The Xbox 360 CPU is an in-sigh CPU. It’s slightly easy in actual fact, relying on its excessive frequency (now not as excessive as hoped despite 10 FO4) for efficiency. However it absolutely does possess a branch predictor – its very prolonged pipelines develop that mandatory. Here’s a publicly shared CPU pipeline plot I made (my cycle-staunch version is NDA handiest, nonetheless looky right here) that shows the overall pipelines:
You would possibly maybe well presumably also stare the branch predictor, and likewise that you just can too stare that the pipelines are very prolonged (wide on the plot) – loads prolonged ample for mispredicted instructions to withstand the trace, even with in-sigh processing.
So, the branch predictor makes a prediction and the anticipated instructions are fetched, decoded, and executed – nonetheless now not retired until the prediction is assumed to be pretty. Sound acquainted? The perception I had – it was recent to me at the time – was what it intended to speculatively attain a prefetch. The latencies had been prolonged, so it was major to bring together the prefetch transaction on the bus as quickly as imaginable, and once a prefetch had been initiated there was no formula to spoil it. So a speculatively-executed xdcbt was the same to a true xdcbt! (a speculatively-executed load instruction was pretty a prefetch, FWIW).

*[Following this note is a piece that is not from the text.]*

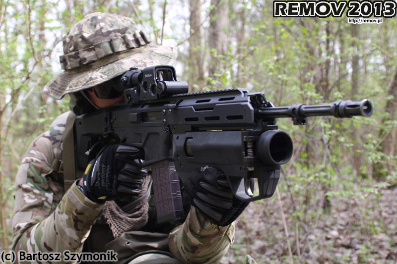 ![]() 2009年时的MSBS-5.56K型的枪管只能伸缩,不能折叠 |

And that was the grief – the branch predictor would customarily cause xdcbt instructions to be speculatively executed and that was pretty as corrupt as in actual fact executing them. One in every of my coworkers (thanks Tracy!) urged a colorful test to substantiate this – substitute every xdcbt in the game with a breakpoint. This accomplished two things:
- The breakpoints weren’t hit, thus proving that the game was now not executing xdcbt instructions.
- The crashes went away.
I knew that can perchance be the end result and yet it was serene appropriate. All these years later, and even after finding out about Meltdown, it’s serene nerdy cold to stare solid proof that instructions that weren’t executed had been causing crashes.
The branch predictor realization made it particular that this instruction was too unhealthy to possess anyplace in the code segment of any sport – controlling when an instruction would possibly maybe well be speculatively executed is too now not easy. The branch predictor for indirect branches would possibly maybe well, theoretically, predict any take care of, so there was no “accurate self-discipline” to set an xdcbt instruction. And, if speculatively executed it would possibly maybe perchance happily attain an prolonged prefetch of irrespective of memory the desired registers came about to randomly beget. It was imaginable to diminish the possibility, nonetheless now not bring together rid of it, and it pretty wasn’t rate it. While Xbox 360 architecture discussions continue to affirm the instruction I doubt that any video games ever shipped with it.
I talked about this once for the length of a job interview – “philosophize the toughest worm you’ve had to analyze” – and the interviewer’s response was “yeah, we hit one thing identical on the Alpha processor”. The more things trade…
Due to of Michael for some modifying.
How can a branch that is by no formula taken be predicted to be taken? Easy. Branch predictors don’t support appropriate history for every branch in the executable – that can perchance be impractical. As a substitute easy branch predictors on the total squish together a bunch of take care of bits, perchance some branch history bits as smartly, and index into an array of two-bit entries. Thus, the branch predict end result’s tormented by other, unrelated branches, resulting in customarily fraudulent predictions. However it absolutely’s k, due to the it’s “pretty a prediction” and it doesn’t want to be staunch.